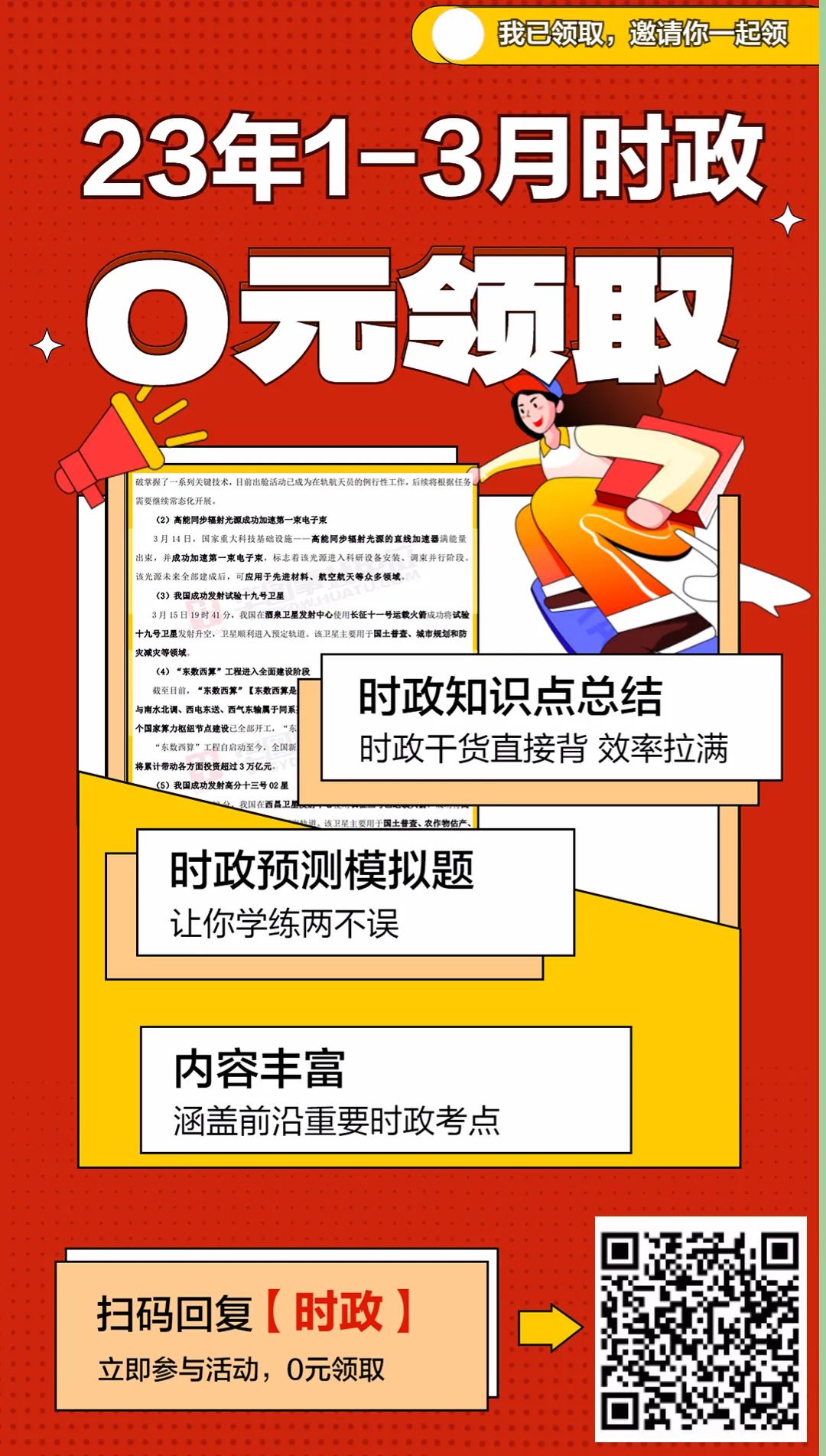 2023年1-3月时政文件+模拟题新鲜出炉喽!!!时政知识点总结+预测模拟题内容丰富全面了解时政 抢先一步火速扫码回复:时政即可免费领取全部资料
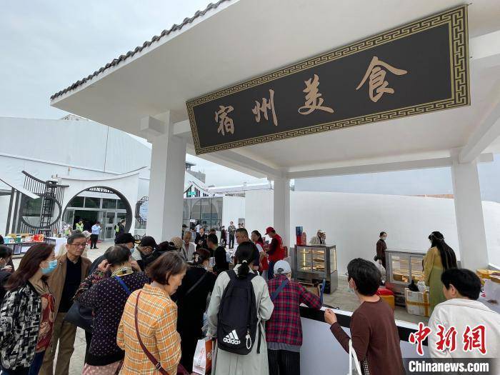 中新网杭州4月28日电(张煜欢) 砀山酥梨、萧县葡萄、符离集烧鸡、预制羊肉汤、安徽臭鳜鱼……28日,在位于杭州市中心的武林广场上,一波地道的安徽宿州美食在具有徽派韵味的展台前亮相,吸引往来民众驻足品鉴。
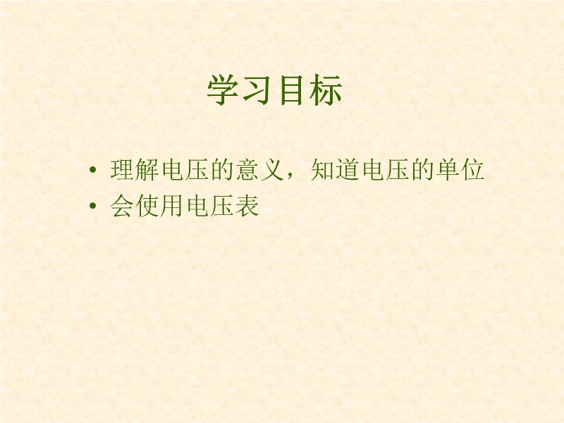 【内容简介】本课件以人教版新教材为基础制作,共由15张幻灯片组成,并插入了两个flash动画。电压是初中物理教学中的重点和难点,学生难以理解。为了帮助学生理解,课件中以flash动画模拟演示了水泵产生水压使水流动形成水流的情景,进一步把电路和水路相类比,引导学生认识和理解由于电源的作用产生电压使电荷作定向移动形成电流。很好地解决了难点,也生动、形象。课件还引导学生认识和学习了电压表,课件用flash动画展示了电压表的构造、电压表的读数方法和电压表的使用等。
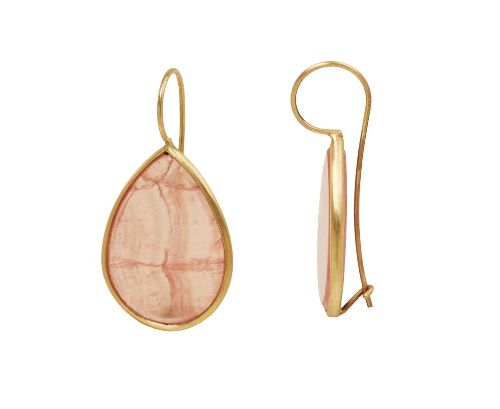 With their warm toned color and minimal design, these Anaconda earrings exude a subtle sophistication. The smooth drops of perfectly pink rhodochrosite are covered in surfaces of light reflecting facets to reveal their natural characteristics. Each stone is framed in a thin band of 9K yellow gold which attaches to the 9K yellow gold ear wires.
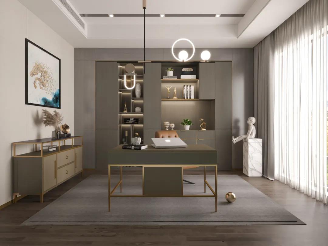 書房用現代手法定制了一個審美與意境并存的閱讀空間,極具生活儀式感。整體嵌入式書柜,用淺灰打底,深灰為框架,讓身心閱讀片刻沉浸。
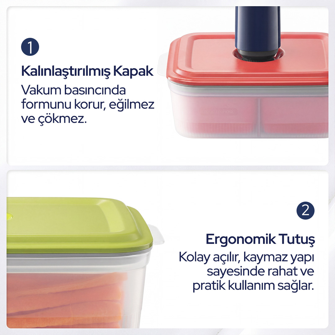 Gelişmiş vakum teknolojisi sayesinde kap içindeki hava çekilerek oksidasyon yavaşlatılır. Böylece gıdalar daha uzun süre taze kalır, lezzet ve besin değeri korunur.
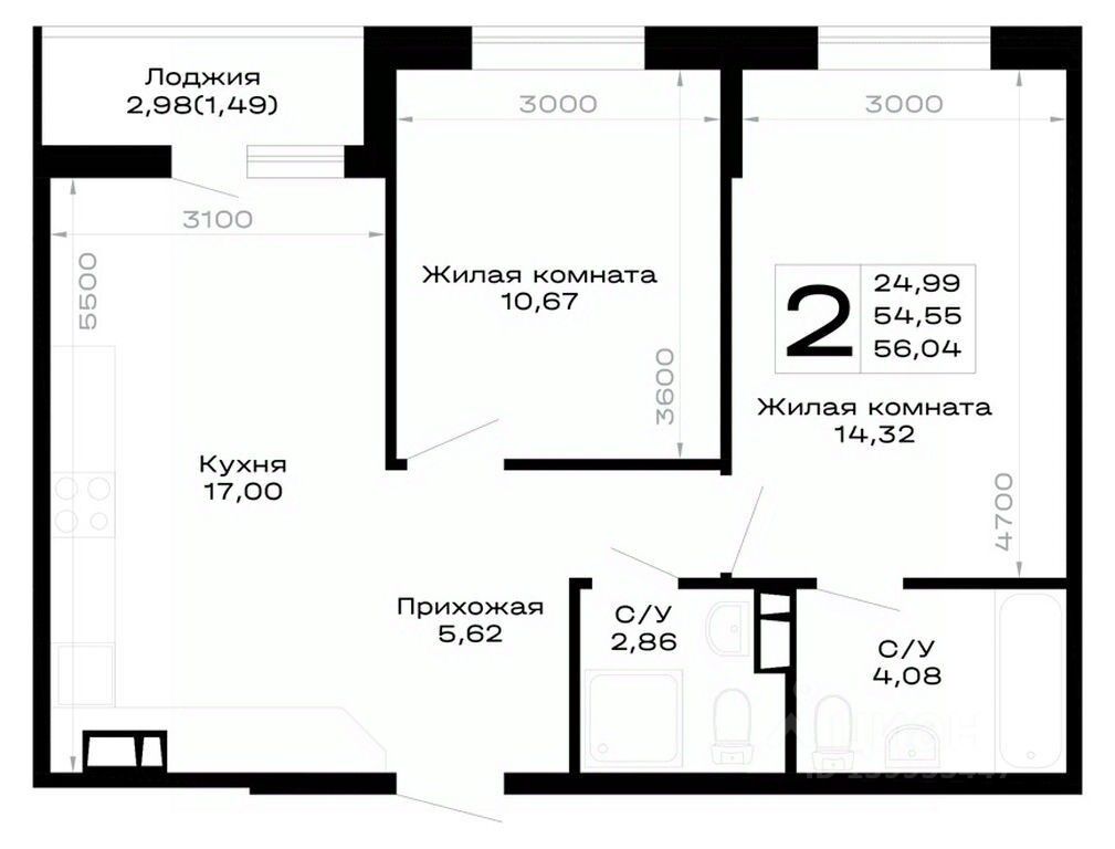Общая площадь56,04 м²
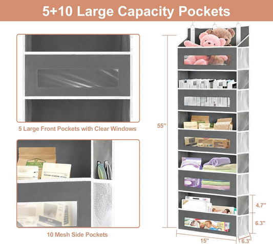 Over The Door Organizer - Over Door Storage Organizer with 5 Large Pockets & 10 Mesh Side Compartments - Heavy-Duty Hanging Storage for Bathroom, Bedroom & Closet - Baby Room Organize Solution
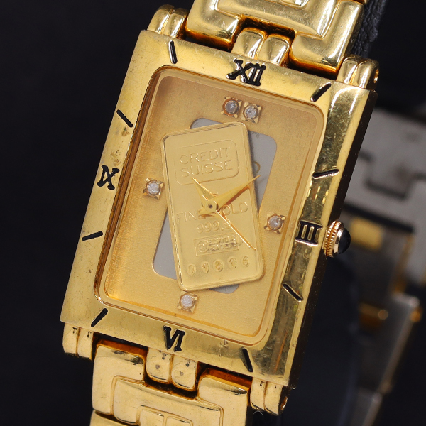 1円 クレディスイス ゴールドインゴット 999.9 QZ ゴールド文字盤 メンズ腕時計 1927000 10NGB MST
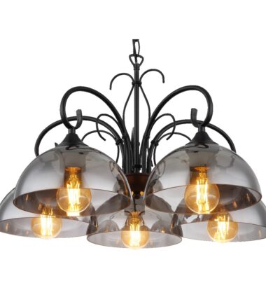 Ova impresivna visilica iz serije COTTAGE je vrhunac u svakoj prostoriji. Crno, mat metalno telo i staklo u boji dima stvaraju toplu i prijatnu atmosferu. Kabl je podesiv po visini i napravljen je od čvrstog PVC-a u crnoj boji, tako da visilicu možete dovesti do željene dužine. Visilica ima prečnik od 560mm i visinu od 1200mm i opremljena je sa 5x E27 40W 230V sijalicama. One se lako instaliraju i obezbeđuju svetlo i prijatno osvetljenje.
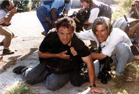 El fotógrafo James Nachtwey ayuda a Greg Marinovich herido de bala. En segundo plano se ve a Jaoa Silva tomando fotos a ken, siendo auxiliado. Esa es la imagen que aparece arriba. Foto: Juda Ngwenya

* * *

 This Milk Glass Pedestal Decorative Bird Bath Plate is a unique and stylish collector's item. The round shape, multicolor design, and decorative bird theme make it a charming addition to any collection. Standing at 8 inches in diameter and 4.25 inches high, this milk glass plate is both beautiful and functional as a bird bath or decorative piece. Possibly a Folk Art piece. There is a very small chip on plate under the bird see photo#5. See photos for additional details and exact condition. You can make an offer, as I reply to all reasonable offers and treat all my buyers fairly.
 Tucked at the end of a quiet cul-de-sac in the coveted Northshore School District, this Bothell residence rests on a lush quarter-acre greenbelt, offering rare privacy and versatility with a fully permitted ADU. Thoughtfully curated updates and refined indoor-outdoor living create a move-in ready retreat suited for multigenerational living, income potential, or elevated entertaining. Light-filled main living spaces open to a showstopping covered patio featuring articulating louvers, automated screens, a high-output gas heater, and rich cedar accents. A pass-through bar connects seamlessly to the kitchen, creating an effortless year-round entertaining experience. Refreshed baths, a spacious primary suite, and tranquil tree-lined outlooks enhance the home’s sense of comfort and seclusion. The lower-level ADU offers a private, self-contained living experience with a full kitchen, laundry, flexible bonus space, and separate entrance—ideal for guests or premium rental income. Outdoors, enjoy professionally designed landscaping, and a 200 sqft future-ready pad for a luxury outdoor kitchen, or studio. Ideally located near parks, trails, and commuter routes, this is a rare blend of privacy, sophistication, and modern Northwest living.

---

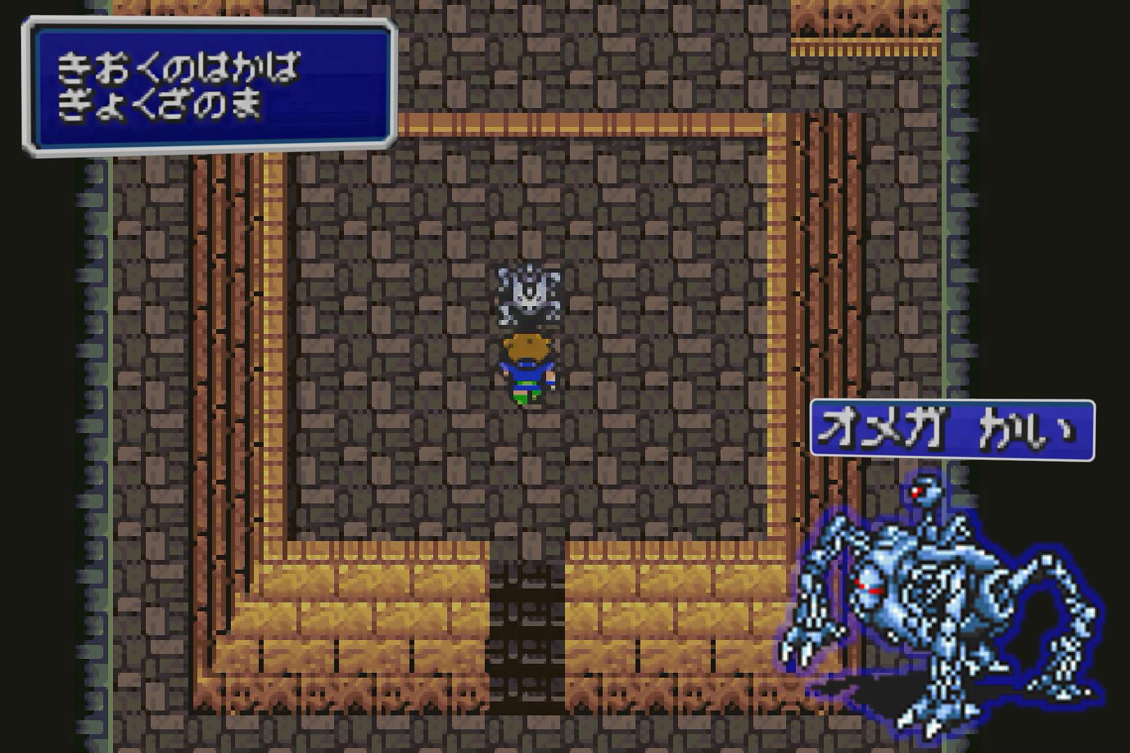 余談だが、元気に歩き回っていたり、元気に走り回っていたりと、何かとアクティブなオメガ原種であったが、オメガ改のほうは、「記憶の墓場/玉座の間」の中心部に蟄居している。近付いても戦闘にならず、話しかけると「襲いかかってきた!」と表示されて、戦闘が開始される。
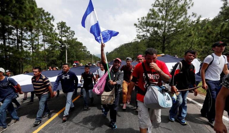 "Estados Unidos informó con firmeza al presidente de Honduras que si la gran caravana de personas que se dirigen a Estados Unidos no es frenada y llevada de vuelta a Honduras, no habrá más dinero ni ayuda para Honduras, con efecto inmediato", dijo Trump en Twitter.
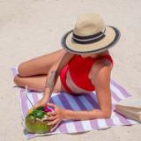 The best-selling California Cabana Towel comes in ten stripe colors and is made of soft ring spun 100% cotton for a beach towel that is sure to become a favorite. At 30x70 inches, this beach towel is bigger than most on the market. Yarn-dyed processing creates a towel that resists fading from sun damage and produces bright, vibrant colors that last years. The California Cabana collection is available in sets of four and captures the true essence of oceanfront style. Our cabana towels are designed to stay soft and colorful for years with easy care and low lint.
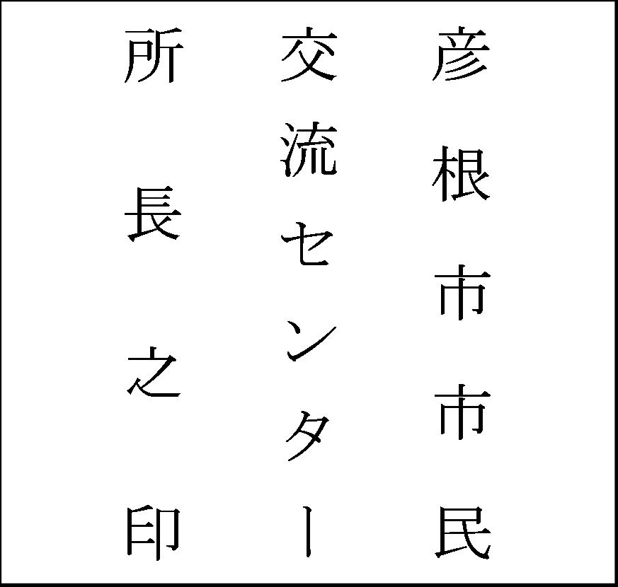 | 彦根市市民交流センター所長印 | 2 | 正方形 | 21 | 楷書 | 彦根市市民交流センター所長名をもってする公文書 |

- _DIRECTIONS_: Nothing but the lines above, starting at the line that contains "中新网杭州4月28日电(张煜" and ending at the line that contains "Over The Door", should be given again, exactly and without the pictures.

- _RESPONSE FOR THIS EXERCISE_:
 中新网杭州4月28日电(张煜欢) 砀山酥梨、萧县葡萄、符离集烧鸡、预制羊肉汤、安徽臭鳜鱼……28日,在位于杭州市中心的武林广场上,一波地道的安徽宿州美食在具有徽派韵味的展台前亮相,吸引往来民众驻足品鉴。
 【内容简介】本课件以人教版新教材为基础制作,共由15张幻灯片组成,并插入了两个flash动画。电压是初中物理教学中的重点和难点,学生难以理解。为了帮助学生理解,课件中以flash动画模拟演示了水泵产生水压使水流动形成水流的情景,进一步把电路和水路相类比,引导学生认识和理解由于电源的作用产生电压使电荷作定向移动形成电流。很好地解决了难点,也生动、形象。课件还引导学生认识和学习了电压表,课件用flash动画展示了电压表的构造、电压表的读数方法和电压表的使用等。
 With their warm toned color and minimal design, these Anaconda earrings exude a subtle sophistication. The smooth drops of perfectly pink rhodochrosite are covered in surfaces of light reflecting facets to reveal their natural characteristics. Each stone is framed in a thin band of 9K yellow gold which attaches to the 9K yellow gold ear wires.
 書房用現代手法定制了一個審美與意境并存的閱讀空間,極具生活儀式感。整體嵌入式書柜,用淺灰打底,深灰為框架,讓身心閱讀片刻沉浸。
 Gelişmiş vakum teknolojisi sayesinde kap içindeki hava çekilerek oksidasyon yavaşlatılır. Böylece gıdalar daha uzun süre taze kalır, lezzet ve besin değeri korunur.
Общая площадь56,04 м²
 Over The Door Organizer - Over Door Storage Organizer with 5 Large Pockets & 10 Mesh Side Compartments - Heavy-Duty Hanging Storage for Bathroom, Bedroom & Closet - Baby Room Organize Solution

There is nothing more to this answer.